- Problem details -
Find the word "located" in the material below and gather every line that contains it.

- Given data -
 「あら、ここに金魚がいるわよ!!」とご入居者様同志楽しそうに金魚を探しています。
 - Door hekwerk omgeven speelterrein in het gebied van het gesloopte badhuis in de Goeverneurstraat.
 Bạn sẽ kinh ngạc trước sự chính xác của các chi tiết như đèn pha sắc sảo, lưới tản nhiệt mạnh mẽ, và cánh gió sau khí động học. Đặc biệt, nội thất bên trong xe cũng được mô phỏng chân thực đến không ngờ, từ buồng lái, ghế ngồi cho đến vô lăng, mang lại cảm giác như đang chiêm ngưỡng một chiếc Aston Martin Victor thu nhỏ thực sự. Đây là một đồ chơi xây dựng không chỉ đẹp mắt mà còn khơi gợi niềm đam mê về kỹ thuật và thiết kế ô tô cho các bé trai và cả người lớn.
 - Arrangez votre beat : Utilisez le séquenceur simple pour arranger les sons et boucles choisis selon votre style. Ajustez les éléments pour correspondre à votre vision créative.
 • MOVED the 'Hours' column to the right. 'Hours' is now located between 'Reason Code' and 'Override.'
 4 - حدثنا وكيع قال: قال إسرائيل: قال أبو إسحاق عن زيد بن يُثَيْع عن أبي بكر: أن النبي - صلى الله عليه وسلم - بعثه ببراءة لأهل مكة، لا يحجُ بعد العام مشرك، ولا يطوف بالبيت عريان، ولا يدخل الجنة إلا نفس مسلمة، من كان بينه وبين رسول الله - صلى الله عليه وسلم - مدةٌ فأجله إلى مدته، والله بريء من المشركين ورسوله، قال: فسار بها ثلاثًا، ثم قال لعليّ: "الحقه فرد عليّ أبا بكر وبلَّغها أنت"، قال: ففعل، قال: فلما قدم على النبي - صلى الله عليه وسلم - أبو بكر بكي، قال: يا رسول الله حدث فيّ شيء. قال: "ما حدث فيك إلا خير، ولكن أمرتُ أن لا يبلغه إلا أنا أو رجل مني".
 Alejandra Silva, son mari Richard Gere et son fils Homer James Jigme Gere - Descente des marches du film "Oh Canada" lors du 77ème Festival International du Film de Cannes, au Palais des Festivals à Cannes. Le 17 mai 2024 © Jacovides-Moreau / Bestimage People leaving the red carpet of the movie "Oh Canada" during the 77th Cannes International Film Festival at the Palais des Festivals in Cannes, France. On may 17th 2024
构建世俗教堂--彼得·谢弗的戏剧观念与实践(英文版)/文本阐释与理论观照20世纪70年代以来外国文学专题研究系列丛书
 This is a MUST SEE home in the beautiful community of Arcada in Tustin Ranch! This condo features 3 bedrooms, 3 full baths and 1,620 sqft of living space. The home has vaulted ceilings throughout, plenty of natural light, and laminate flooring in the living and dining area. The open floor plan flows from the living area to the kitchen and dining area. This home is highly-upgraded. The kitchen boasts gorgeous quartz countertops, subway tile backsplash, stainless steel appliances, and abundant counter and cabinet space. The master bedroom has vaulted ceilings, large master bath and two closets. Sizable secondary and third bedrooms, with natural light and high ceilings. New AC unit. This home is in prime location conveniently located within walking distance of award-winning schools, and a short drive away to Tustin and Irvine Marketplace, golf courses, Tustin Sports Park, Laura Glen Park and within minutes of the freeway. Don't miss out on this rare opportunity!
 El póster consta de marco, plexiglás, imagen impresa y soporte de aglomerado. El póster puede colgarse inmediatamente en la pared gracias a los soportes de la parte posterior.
==
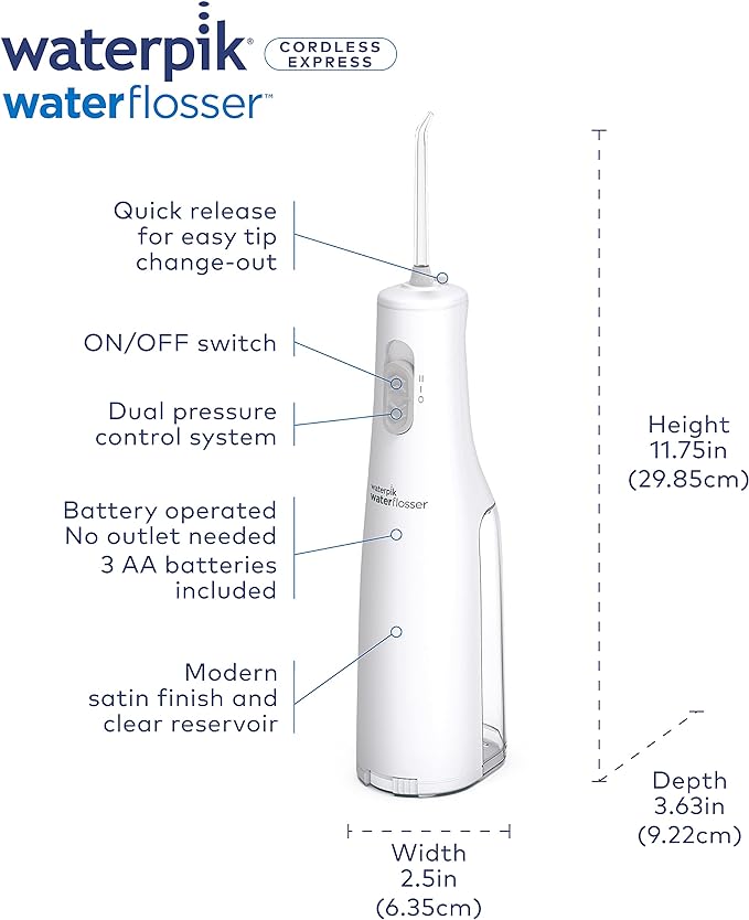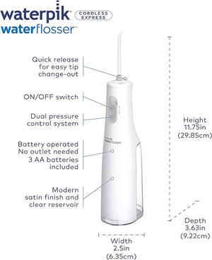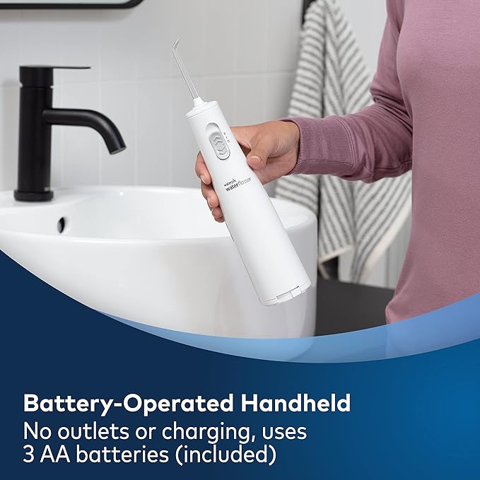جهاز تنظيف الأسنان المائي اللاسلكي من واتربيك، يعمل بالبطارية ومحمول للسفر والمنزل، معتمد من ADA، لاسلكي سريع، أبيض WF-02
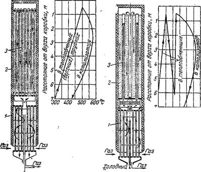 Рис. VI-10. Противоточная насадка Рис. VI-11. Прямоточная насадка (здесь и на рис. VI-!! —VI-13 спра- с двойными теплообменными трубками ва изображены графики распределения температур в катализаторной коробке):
* * *
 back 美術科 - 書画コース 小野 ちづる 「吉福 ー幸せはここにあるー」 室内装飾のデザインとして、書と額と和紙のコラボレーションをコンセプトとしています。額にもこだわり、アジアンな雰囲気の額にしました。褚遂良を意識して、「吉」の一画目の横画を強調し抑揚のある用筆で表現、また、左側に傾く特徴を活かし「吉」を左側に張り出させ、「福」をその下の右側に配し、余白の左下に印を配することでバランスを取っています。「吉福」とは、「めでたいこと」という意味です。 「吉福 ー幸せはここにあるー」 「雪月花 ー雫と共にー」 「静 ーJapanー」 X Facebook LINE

- Answer section -
 • MOVED the 'Hours' column to the right. 'Hours' is now located between 'Reason Code' and 'Override.'
 This is a MUST SEE home in the beautiful community of Arcada in Tustin Ranch! This condo features 3 bedrooms, 3 full baths and 1,620 sqft of living space. The home has vaulted ceilings throughout, plenty of natural light, and laminate flooring in the living and dining area. The open floor plan flows from the living area to the kitchen and dining area. This home is highly-upgraded. The kitchen boasts gorgeous quartz countertops, subway tile backsplash, stainless steel appliances, and abundant counter and cabinet space. The master bedroom has vaulted ceilings, large master bath and two closets. Sizable secondary and third bedrooms, with natural light and high ceilings. New AC unit. This home is in prime location conveniently located within walking distance of award-winning schools, and a short drive away to Tustin and Irvine Marketplace, golf courses, Tustin Sports Park, Laura Glen Park and within minutes of the freeway. Don't miss out on this rare opportunity!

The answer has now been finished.